The data signals of Control Bus 20 are applied to the CPU
Diagnostic Subcommand Generator 154 which generates subcommands in
the CPU 100. These CPU subcommands are generated in response to
instructions in the IOC Control Store 251, but activate the
apparatus of the CPU in a predetermined manner. When the IOC 200 is
in the master state, manipulation of the CPU apparatus by the
instructions of the CPU Control Store via Register RN 153 can be
required. The access to the Diagnostic Subcommand Generator 154
from Register RN is through (symbolic) logic AND gate 147. Logic
AND gate 147 is enabled by the absence of a CPU Master State signal
from Generator 154 and by the absence of signals from Register SKN
via Control Bus 20.
Referring next to FIG. 6c, the configuration for allowing a
subsystem, in the master state, to exercise both the master
subsystem and simultaneously exercise the slave subsystem is shown.

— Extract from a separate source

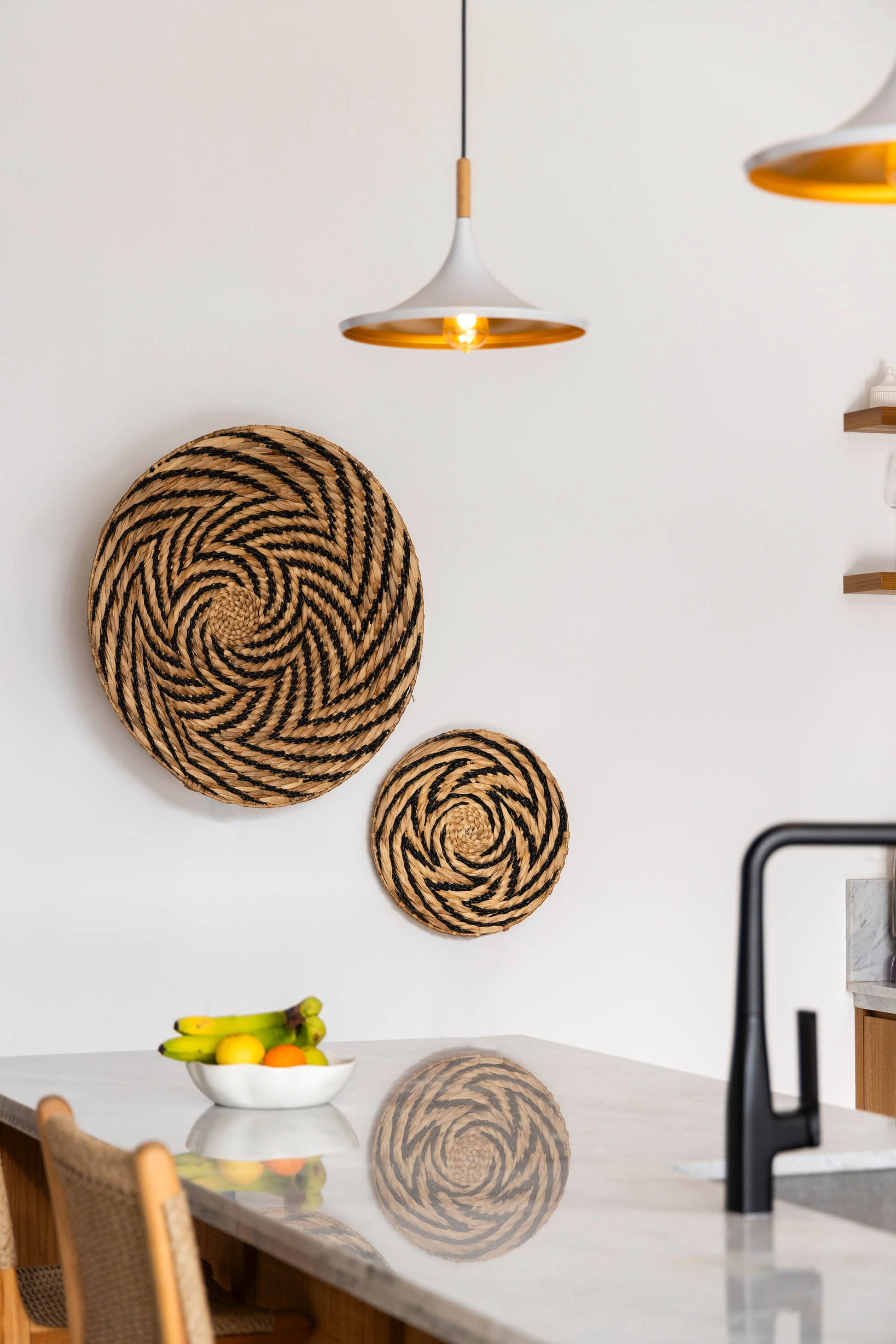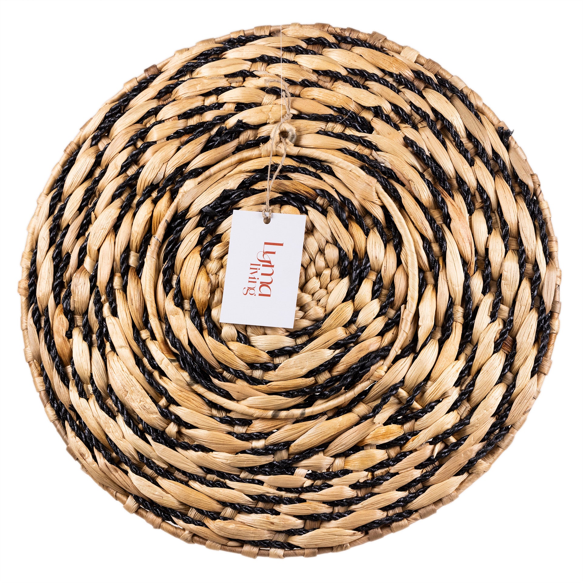 De Wandschaal Gondok in natuurlijke tinten met zwart straalt rust en eenvoud uit. Gemaakt van waterhyacint, geeft deze schaal een unieke textuur die past in elke natuurlijke of japandi inrichting. Verkrijgbaar in klein (40 cm) en groot (70 cm) om verschillende looks te creëren.

In this case, the Diagnostic Subcommand Generator 154 applies a
subcommand activating the logic AND gate 149. Thus, the commands
from the CPU Control Store 151 which are loaded into the CPU
Control Store Diagnostic Local Register 153 can be applied directly
to the Diagnostic Subcommand Generator 154 as well as through the
logic AND gate 149 to Control Bus 20 and consequently, to the IOC
Diagnostic Subcommand Generator 253. Similarly, when the IOC is in
the master state, a subcommand from the Diagnostic Subcommand
Generator 253 activates logic AND gate 148. Commands from the IOC
Control Store 251 entered into the IOC Control Store Memory Local
Register 252 can be applied to the IOC Diagnostic Subcommand
Generator 253 as well as through the logic AND gate 148 to control
bus 20 and, consequently, to the CPU Diagnostic Subcommand
Generator 154, thereby generating Diagnostic Subcommands in the CPU
100.
Referring next to FIG. 7, the position of the Communications
Channel relative to the apparatus shown in FIG. 3 is displayed. One
portion of the Communication Channel 171 is coupled to the
Maintenance Panel Interface 170 located in the Central Processing
Unit. A second portion of the Communication Channel 271 is coupled
to the Maintenance Panel Interface 270 located in the Input/Output
Controller.
OPERATION OF THE PREFERRED EMBODIMENT
In order to verify the integrity of operation or to diagnose the
origin of an error condition in a data processing unit, two control
centers for controlling the operation of two subsystems are
employed. Use is made of the control apparatus of the Central
Processing Unit and the control apparatus of the Input/Output
Controller. (In the preferred embodiment, the control apparatus of
the IOC is associated with the Service Code Unit and is
functionally used, aside from the diagnostic and verification
procedures, to handle service code requests from Channel Control
Units, execute certain command codes and handle IOC error
reporting.) With two centers of control, the apparatus of a first
control center can be used to manipulate the apparatus of the
subsystem associated with the second control center. Furthermore,
the control apparatus of the first center is available for
providing an appropriate response to the results provided by the
second center as a result of its manipulation. Thus, if an error
condition can be localized to the extent that the error did not
occur in a subsystem having a control center, that control center
can be used to identify the fault condition producing the error
condition. Because the fault condition is isolated from the
analysing apparatus, the problems arising from the uncertainty
caused by processing with faulty apparatus are eliminated.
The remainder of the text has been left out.